All the efforts of the foremen to make the structure stand up to the
surf failed. "What the hell's going on, why does this damn son of a
bitch sand up all the time?" The contractor, a Chinese-cholo grouch
from Chiclayo, was tearing his hair out and telling the ocean and
everybody else to go fuck themselves. But no matter how much he
goddamned and go-fucked, the ocean said no. And, caballero, when
the ocean says no, it's no. Back then he wasn't twenty yet and was
feeling jumpy because he still could be called up for military service.
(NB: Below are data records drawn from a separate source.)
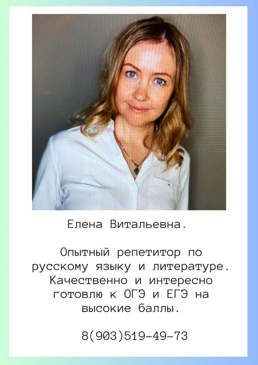 🤗Добрый день, друзья! 🍁 Хорошие новости для тех, кто ищет специалиста для подготовки сдачи экзаменов по русскому языку и литературе - хочу представить и порекомендовать вам Елену Витальевну! 🎩 Коротко о самом важном: Елена Витальевна. Опытный репетитор. Готовлю к сдаче ЕГЭ по русскому языку на высокие баллы. Со мной вы научитесь писать " безопасные" сочинения, повысите грамотность и сможете уверенно решать тестовую часть. 🎃 По всем вопросам: Телефон 8(903)519-49-73 🧁 С любовью ваша Муза!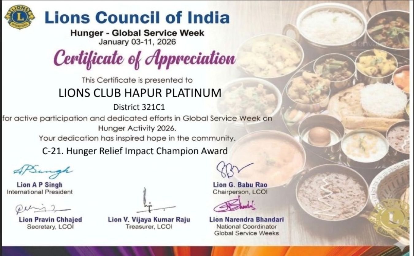 Khabarwala 24 News Hapur: Hapur News समाज सेवा के क्षेत्र में निरंतर कार्यरत Lions Club Hapur Platinum को भूखमरी उन्मूलन में किए गए उत्कृष्ट प्रयासों के लिए “Hunger Relief Impact Champion Award” से सम्मानित किया गया। यह सम्मान Lions Council of India द्वारा आयोजित Global Service Week (3 से 11 जनवरी 2026) के अंतर्गत प्रदान किया गया।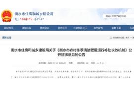 近日,河北省衡水市住房和城鄉建設局發布關于《衡水市農村冬季清潔取暖運行補助長效機制》公開征求意見的公告指出,繼續按潔凈煤100元/噸、爐具500元/臺為基準補助。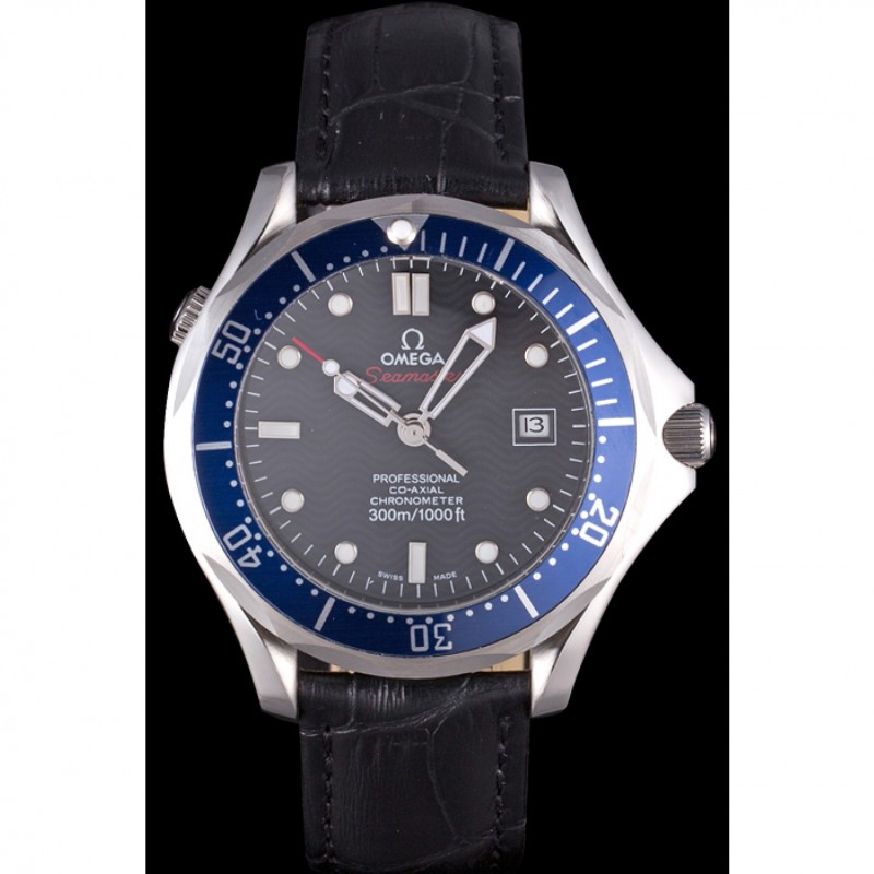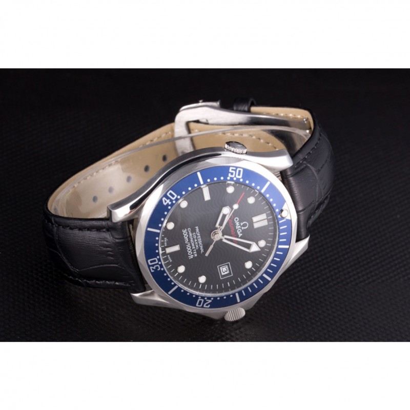 Bracciale: calore Omega impresso cinturino in pelle di coccodrillo nero con Omega inscritta catenaccio del gancio in acciaio inox lucidato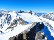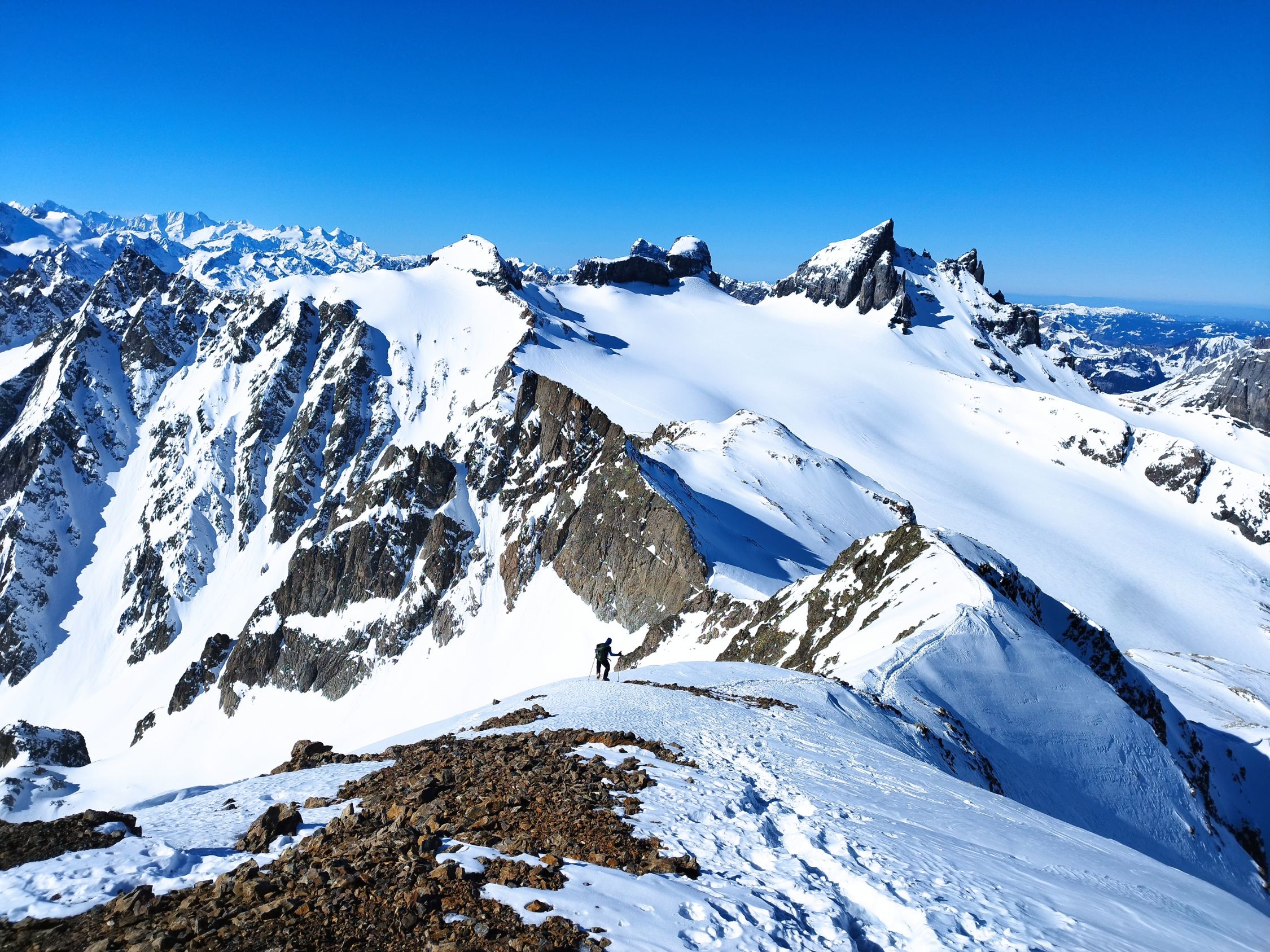 Wir sind Färnigen über Zwächten zum Krönten gekommen. Schnee auf dem Gletscher war ein wenig Windgepresst, aber noch gut zum Fahren. Wir mussten den Skidepot auf ca. 2900m, da der Hang abgeblasen wir. Fussaufstieg ging recht gut. Der Grat hat sehr wenig Schnee.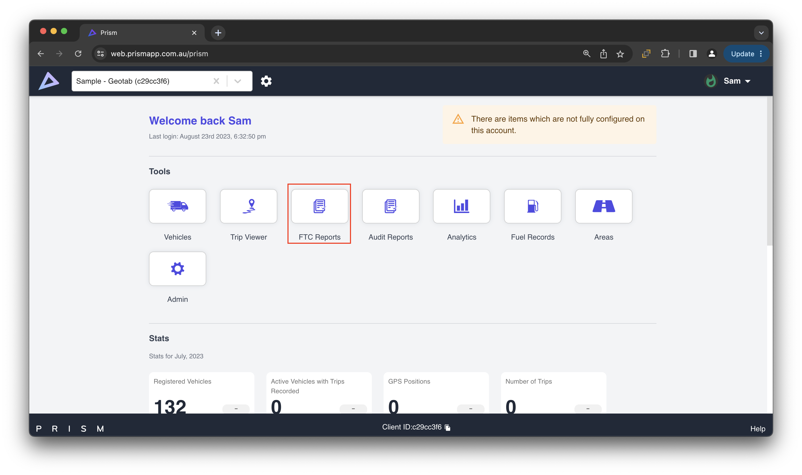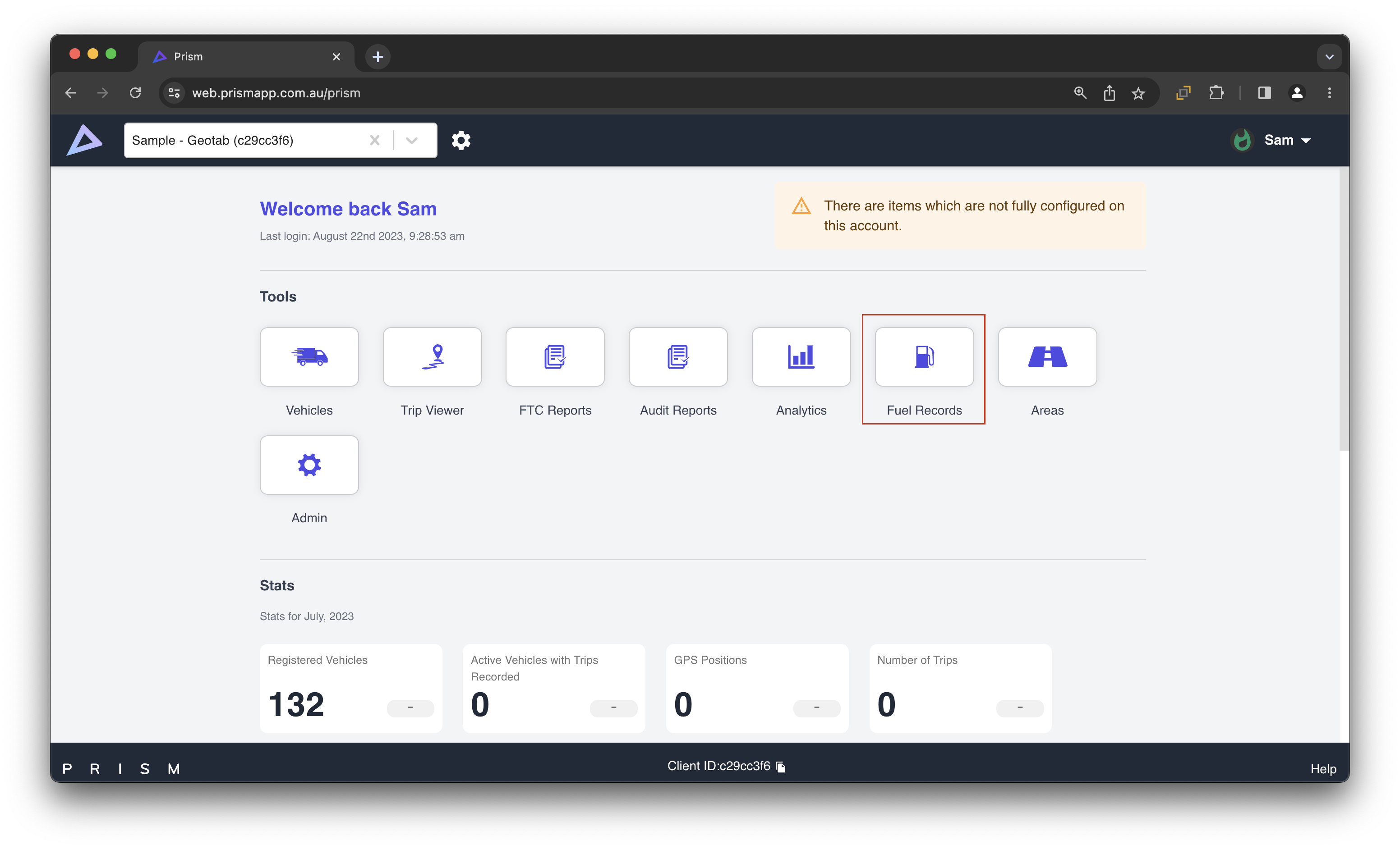 Once you have it enabled, you’ll then be able to access Fuel Records from the Prism home page: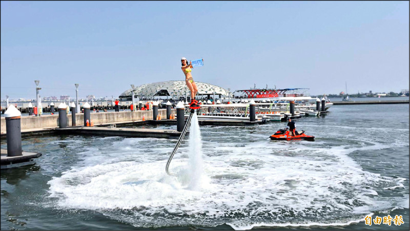 Peggy表演騰空翻轉 火辣身材展現力與美 嗨翻全場「大鵬灣帆船生活節」活動昨天在大鵬灣濱灣之心熱鬧登場,大鵬灣為全台第一個可合法營業「水上鋼鐵人」的開放水域,鵬管處特別請來女性鋼鐵人Peggy擔綱開場表演,她穿著比基尼隨著水柱在空中舞動,火辣身材,嗨翻全場。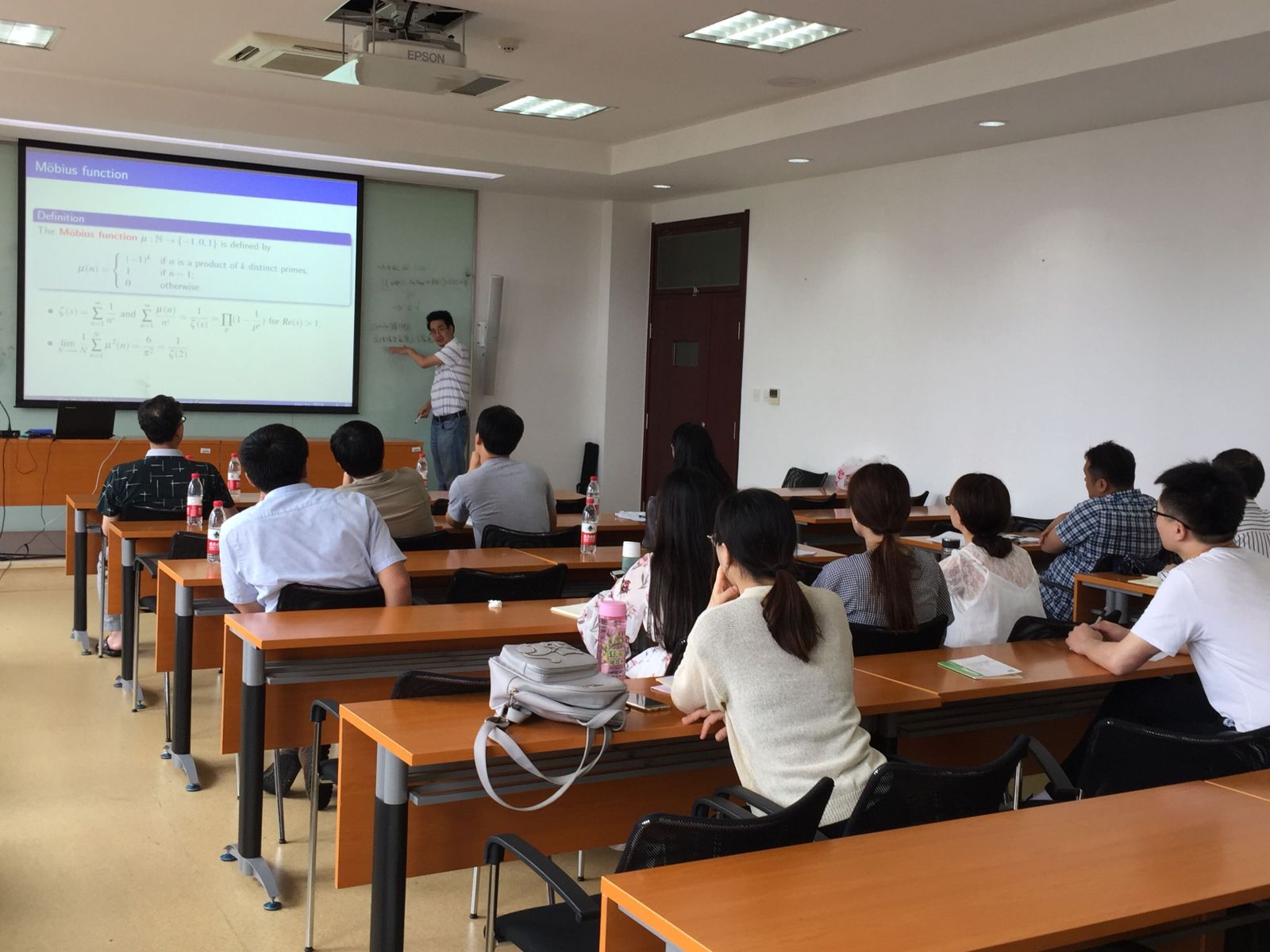 黄文教授的报告系统地给大家讲述了数论与动力系统的关系,并用数论的相关知识解决动力系统中的问题。在7月9号题目为“自然数大子集中的线性结构”中,黄文教授综述自然数大子集中的线性结构的相关进展,主要介绍了正上半Banach密度子集中等差数列公差构成集合的结构,以及两个素数的差组成的集合的结构,并进一步重点阐述了他们与动力系统中高阶Poincare回复定理、特定动力系统点的回归时间等之间的关系。通过黄文教授的第一个报告,我们了解到数学的各个分枝是融会贯通的,知识是彼此相通的。在7月11号,黄文教授题为“测度复杂性和莫比乌斯函数不相交性”报告中,重点讲述了数论与动力系统相交叉的一个猜测,即Sarnak关于莫比乌斯不交性的猜测。首先黄文教授先简短的介绍了Sarnak猜测相关的背景和最近的一些进展;然后对一个动力系统不变测度引入测度复杂性的概念,介绍其最近与叶向东教授,王之任教授合作的一个结果。此报告让师生对此方面的问题有了进一步的认识。在最后一个题为“Stable Sets and Chaos in Positive Entropy Systems”报告中,黄文教授给出一个具有正熵的动力系统的混沌现象。黄文教授首先采用通俗易懂的语言为我们讲解了当一个动力系统具有弱马蹄形时,它具有正熵这一现象。随后又举例说明洛伦兹吸引子具有弱马蹄形,方便我们对上述现象的理解。此外,黄教授还介绍了C1微分同胚系统的Hausdorff维数以及稳定集和不稳定集的混沌行为具有正熵。在此报告中黄教授还讲了自己的研究经历,借此鼓励我们认真学习,平常心对待科研压力。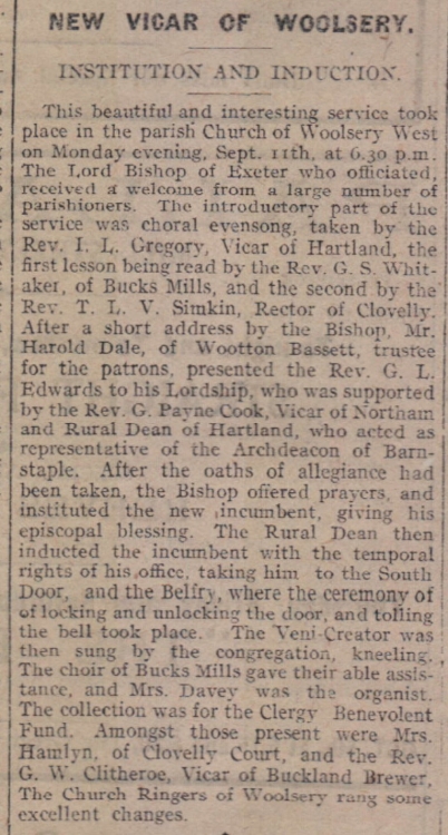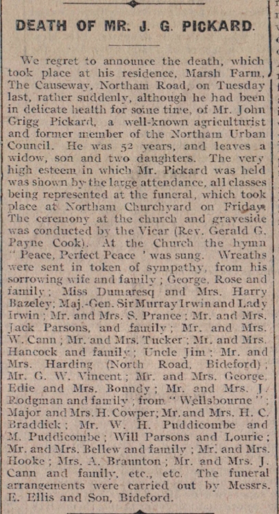 Births, marriages and deaths advertised – Gibson – at 13 Mount View Road, Crouch Hill, London, to Christine (nee Maunder), the wife of Captain T Gibson, a son; Purkiss – to Mr and Mrs R C Purkiss (nee Phyllis O’lliffe), 37 Ennsmore Gardens, SW, a son; Goundry-Matthews – at Bideford, the Rev John Alfred Goundry to Hilda May, daughter of Mr and Mrs Mathews of Appledore; John Grigg Pickard, age 52 at Marsh Farm, Northam; Burridge-Ball – at St Mary’s Church, Bideford, Leslie William Burridge to Millicent Sophie Louise Ball, of 5 Salisbury Terrace (by special license); Barrow-Dingle – at Lavington Congregational Church, Roland James of Torridge House, to Dorothy Christine, Buttgarden Street; Powell-Hancock – at Weare Gifford, Robert Cunningham to Mary Margaret of The Hill; Elizabeth Jane Couch, of Bideford, at 7 Richmond Terrace, Appledore, aged 58; William May at 15 Pitt Hill, Appledore, aged 58; Edward Parnell, aged 25; Frances E Wren, widow of Capt. Robert Fellowes Wren; Parnall-Whitefield – at the United Methodist Church, Bideford, John Herbert to Emily Nellie; to Mr and Mrs C F Butcher (nee Olive George, Parkham), a son; Bartholomew-Oliver – Reginald to Elsie, both of Bideford (by special license); Daniel-Mills – at Beaford Parish Church, Reuben Daniel of Alwington, to Emily Mills; Prust-Fulford – Florence Mabel Fulford of Torridge Hill, Bideford, to Frank Prust of Morwenstowe; Symons-Delbridge – Herbert Charles, Terminus Inn, East-the-Water, to Elsie Doreen, East-the-Water Post Office; Hilda Braund, the dearly beloved and only daughter of Mr and Mrs J Braund, Bucks Mills; The Rev John Dene of Horwood House, Bideford; Caroline Thompson in her 75th year; and Reginal James Stafford Pengilley at the Union Club, Westward Ho!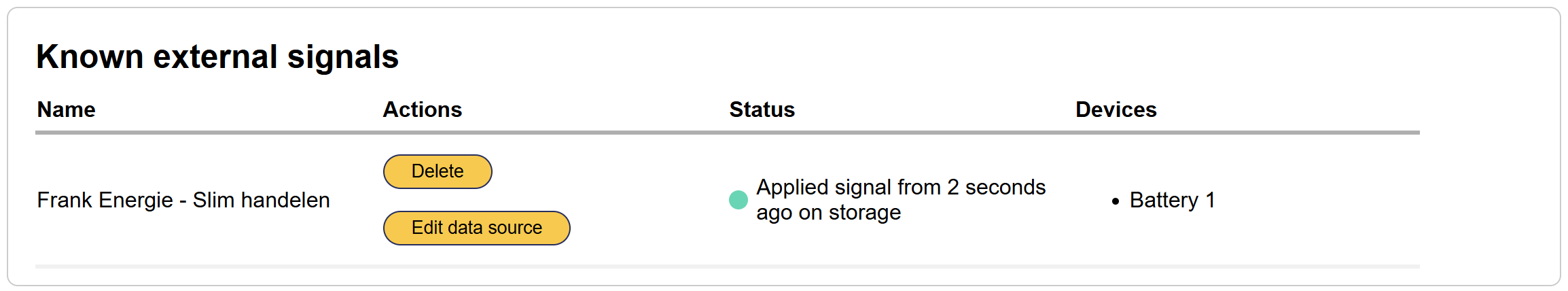 If your battery has been removed due to unresponsiveness, please check the communication of your SmartgridOneController and battery, and re-add the 'Frank Energie - Slim Handelen' external signal to the SmartgridOneController once the issue is resolved.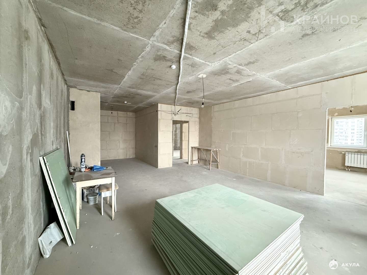 Выполнена разводка электрики от застройщика, проведены трассы под кондиционеры;

Then Arquimedes started to think, to reflect, and instead of
calling it a whore, it occurred to him "to talk to the ocean." And, even
more important, "to listen to it the way you listen to a friend." He
raised his hand to his ear and adopted an attentive, humble
expression, as if he were receiving the secret confidences of the
ocean right now. The priest from the Church of Carmen de la Legua
once said, "Do you know who it is you're listening to, Arquimedes?
It's God. He tells you the wise things you say about the sea." Well,
maybe, maybe God lived in the sea. And that's how it happened. He
began to listen, and then, caballero, the sea made him feel that
instead of building there, where the sea didn't want the breakwater,
if they built fifty* meters to the north, toward La Punta, "the sea
would accept it." He went and told the contractor. At first the
Chiclayan almost pissed himself laughing, you can imagine. But
then, in sheer desperation, he said, "Let's give it a try, damn it." They
tried in the spot Arquimedes suggested, and the breakwater stopped
the sea cold. It's still there, all of it, resisting the rough surf. Word
got around and Arquimedes acquired a reputation as a "wizard," a
"magician," a "breakwater conjurer." Since then no breakwater was
built anywhere in Lima bay without the foremen or engineers
consulting him. Not only in Lima. They had taken him to Canete,
Pisco, Supe, Chincha, lots of places, for him to advise on the
construction of jetties. He was proud to say that in his long
professional life, he had made very few mistakes. Though
sometimes he had, because the only one who's never wrong is God,
caballero, and maybe the devil.
The ceviche burned as if the chili it contained were Arequipa
rocoto. When the bottle of beer was empty, I ordered another, which
we drank slowly, enjoying some excellent pork sandwiches on
French bread with a wonderful sauce of lettuce, onion, and chilies.